As illustrated in FIG. 1, the first pixel PixR, the second pixel PixG, and the third pixel PixB according to the present disclosure are arrayed in the order of the first pixel PixR, the second pixel PixG, and the third pixel PixB in descending order in the Dy direction (second direction).

In the pixel configuration according to the embodiment described above, the display color of the pixel Pix in the n-th row and the m-th column is different from that of the pixel Pix in the n-th row and the m+1-th column.

In the pixel configuration according to the embodiment described above, the display color of the pixel Pix in the n-th row and the m-th column is different from that of the pixel Pix in the n+1-th row and the m-th column.

In the pixel configuration according to the embodiment described above, the display color of the pixel Pix in the n-th row and the m-th column is the same as that of the pixel Pix in the n+1-th row and the m+1-th column.

The power supply device 12 generates a negative first potential VGL and a positive second potential VGH and supplies them to the display device 1. The first potential VGL is −8 V, for example. The second potential VGH is +8 V, for example. The first potential VGL and the second potential VGH are supplied to the gate driver 42. The first potential VGL supplied to the gate driver 42 is not limited to −8 V. The second potential VGH supplied to the gate driver 42 is not limited to +8 V.

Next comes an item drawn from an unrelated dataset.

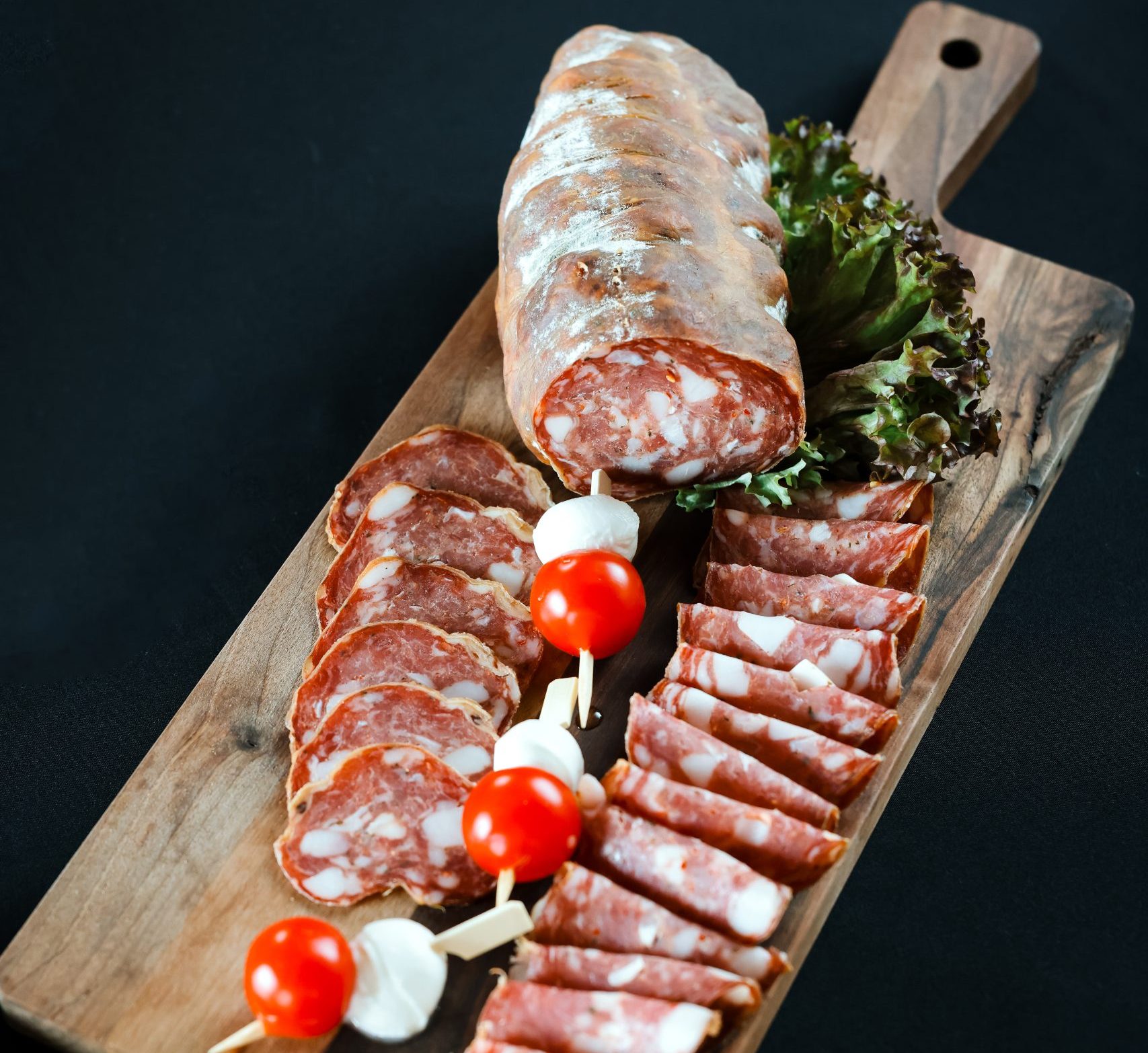 Naša domaća vinska kobasica je savršen spoj bogatog ukusa svinjskog mesa i vina, što je čini jedinstvenom i neodoljivom. Pripremljena prema tradicionalnoj recepturi, ova kobasica se odlikuje specifičnom aromom koja dolazi od pažljivo biranog vina koje se koristi u procesu pripreme. Savršena je za sve ljubitelje gurmanskih užitaka, idealna kao zakuska ili grickalica uz čašu vina. Njena sočna tekstura i delikatni začini čine je odličnim izborom za sve prilike, od svakodnevnog obroka do svečanih trenutaka.

The power supply device 12 also generates a negative third potential VL and a positive fourth potential VH and supplies them to the display device 1. The third potential VL is −5 V, for example. The fourth potential VH is +5 V, for example. The third potential VL and the fourth potential VH are supplied to the driver IC 4. The third potential VL supplied to the driver IC 4 is not limited to −5 V. The fourth potential VH supplied to the driver IC 4 is not limited to +5 V.

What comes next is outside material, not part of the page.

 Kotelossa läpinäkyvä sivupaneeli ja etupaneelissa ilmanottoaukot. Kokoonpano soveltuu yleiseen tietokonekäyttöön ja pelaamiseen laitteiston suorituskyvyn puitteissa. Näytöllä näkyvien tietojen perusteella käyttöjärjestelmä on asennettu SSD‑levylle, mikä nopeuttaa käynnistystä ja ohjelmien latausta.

The control device 13 transmits video signals Source serving as the original signals of video to be displayed on the display device 1 to the display device 1.

The control device 13 includes, for example, a central processing unit (CPU) and a storage device, such as a memory. The control device 13 can implement the display functions of the display device 1 by executing computer programs using these hardware resources, such as the CPU and the storage device. The control device 13 performs control such that the driver IC 4 can handle the image to be displayed on the display device 1 as the information on image input gradation according to the execution results of the computer programs.

The display control circuit 44 controls the display operation in the display region AA by controlling the gate driver 42 and the signal line selection circuit 43. The display control circuit 44 receives the video signals Source and various control signals from the control device 13. The display control circuit 44 converts the video signals Source received from the control device 13 into image signals Vsig and outputs them. The image signal Vsig is, for example, a signal obtained by time-division multiplexing the pixel signal Sig according to the pixel array of RGB (W). The display control circuit 44 supplies the common potential VCOM to the common electrode COML.

The display control circuit 44 also functions as an interface (I/F) and a timing generator between the signal line selection circuit 43 and the control device 13. The driver IC 4 including the display control circuit 44 may be mounted not on the display panel 11 but on a relay substrate coupled to the display panel 11. The gate driver 42 and the signal line selection circuit 43 may be included in the driver IC 4.

Next, a schematic structure of the display device 1 according to the embodiment is described. FIG. 3 is a sectional view of a schematic sectional structure of the display device.

An array substrate 2 includes a first substrate 21 made of glass or transparent resin, a plurality of pixel electrodes PX, the common electrode COML, and an insulating layer 24 that insulates the pixel electrodes PX from the common electrode COML. The pixel electrodes PX are disposed on the first substrate 21 in a matrix having a row-column configuration, for example. The common electrode COML is provided between the first substrate 21 and the pixel electrodes PX.

The pixel electrodes PX are provided corresponding to the respective pixels Pix. The pixel signal SIG for performing a display operation is supplied from the signal line selection circuit 43 to the pixel electrode PX via the signal line DTL and the pixel transistor Tr. In the display operation, the driver IC 4 supplies the common potential VCOM for display serving as a voltage signal to the common electrode COML. The common potential VCOM is preferably different from the GND potential and is approximately −0.08 V, for example. The common potential VCOM is set to the optimum value that does not cause flicker in the driving method, such as the column inversion driving method and the frame inversion driving method. While the common potential VCOM is preferably a fixed potential, it may have a waveform composed of AC square waves.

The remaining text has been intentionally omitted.